Skripsi Jurusan Tata Boga - Fakultas Teknik UM, 2014

Ukuran Huruf:  Kecil  Sedang  Besar

Pengaruh Konsentrasi Gula (Sukrosa) Yang Berbeda Terhadap Kualitas Permen Jeli Murbei (Morus alba L)

Astari Lestari

Abstrak


ABSTRAK

 

Lestari,Astari Asri. 2013. Pengaruh Konsentrasi Gula Yang Berbeda Terhadap

Kualitas Permen Jeli Murbei. Skripsi. Jurusan Teknologi Industri, Fakultas

Teknik, Universitas Negeri Malang. Pembimbing (I) Dra. Rini Sudjarwati,

M.Pd. (II) Drs. Setiadi Cahyono Putro, M.Pd., M.T.

 

Kata kunci: permen jeli, murbei, konsentrasi gula, kualitas

Permen jeli termasuk produk chewy candy yang terbuat dari  sari buah atau

essens  dengan  berbagai macam  rasa  dan  bahan  pembentuk  gel,  dengan  bentuk

fisik  jernih  transparan serta mempunyai  tekstur yang kenyal. Permen  jeli banyak

disukai  banyak  kalangan  terutama  anak-anak.  Permen  jeli  yang  ada  di  pasaran

umumnya terbuat dari campuran essens, oleh karena itu pada penelitian ini penulis

memanfaatkan buah murbei sebagai permen jeli yang sehat dan mempunyai mutu

yang baik.

Buah murbei atau bebesaran dengan nama latin Morus alba L mempunyai

karakteristik  berair  dan  rasanya  enak.  Mempunyai  warna  alami  yaitu  merah

keunguan.  Selain  itu  juga  kaya  akan  antioksidan.  Salah  satu  kandungan

antioksidan  terbesar  adalah  senyawa  antosianin  yang  dapat  menangkal  radikal

bebas.  Pemanfaatan  buah  murbei  untuk  permen  jeli  diharapkan  dapat

meningkatkan nilai ekonomis dari buah murbei sebagai makanan yang sehat.
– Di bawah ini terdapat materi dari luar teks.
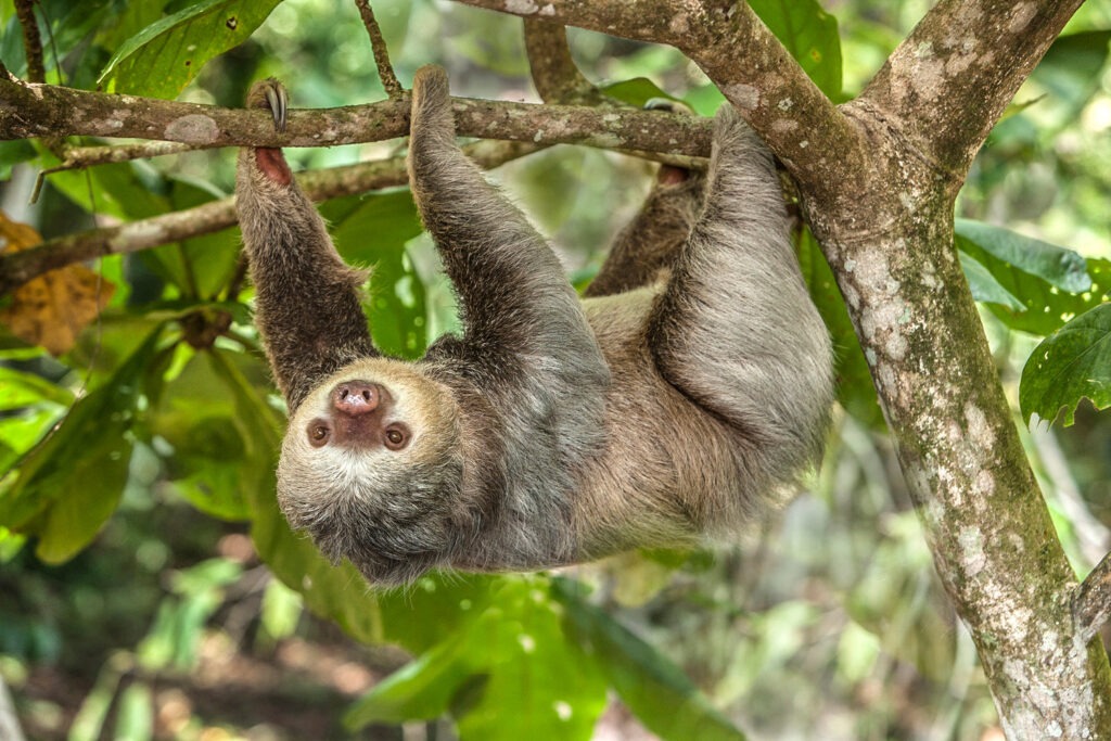 Turtles and camouflaged caiman nestle by the bank, and ashore are sloths and anteaters, and mammoth butterflies. In the evening, slipping over in the mud, I almost squash a tiny tree frog, and in the ecolodge at night, hear my only mosquito buzzing outside the net, although this is dwarfed by roars of howler monkeys, noisily objecting, I feel, to our presence

Jenis  penelitian yang digunakan adalah Rancangan Acak Lengkap dengan

satu  faktor  Masing-masing  perlakuan  diulang  sebanyak  dua  kali  dengan  tiga

perlakuan konsentrasi gula (sukrosa) yaitu 60%, 65%, dan 70%. Adapun uji yang

dilakukan meliputi uji kimia dan uji organoleptik

Hasil  uji  kimia menunjukkan  bahwa  kandungan  Antosianin  tiap  1  gram

buah Murbei  3,5mg  dengan  100  kali  pengenceran,  dan  kandungan  Antoasianin

pada  sari buah murbei  tiap 1 gram  sebesar 5,4 mg dengan 10 kali pengenceran.

Hal ini menunjukkan bahwa kandungan antosianin pada buah murbei lebih tinggi

daripada sari buah murbei. Kandungan antosianin tiap 1 gram permen jeli murbei

dengan  konsentrasi  gula  60%  sebesar  4,75  mg,  untuk  konsentrasi  gula  65%

sebesar  5,25 mg,  dan  untuk  konsentrasi  gula  70%  sebesar  4,00 mg.Penggunaan

konsentrasi  gula  yang  berbeda  tidak  berpengaruh  terhadap  kualitas  kandungan

antosianin.  Sifat  organoleptik  pada  uji  hedonik  menunjukkan  bahwa  terdapat

perbedaan  yang  nyata  aroma  permen  jeli  murbei,  serta  uji  mutu  hedonik  rasa,

warna, dan aroma pada permen  jeli murbei  terdapat perbedaan yang nyata, akan

tetapi tidak berpengaruh pada tekstur.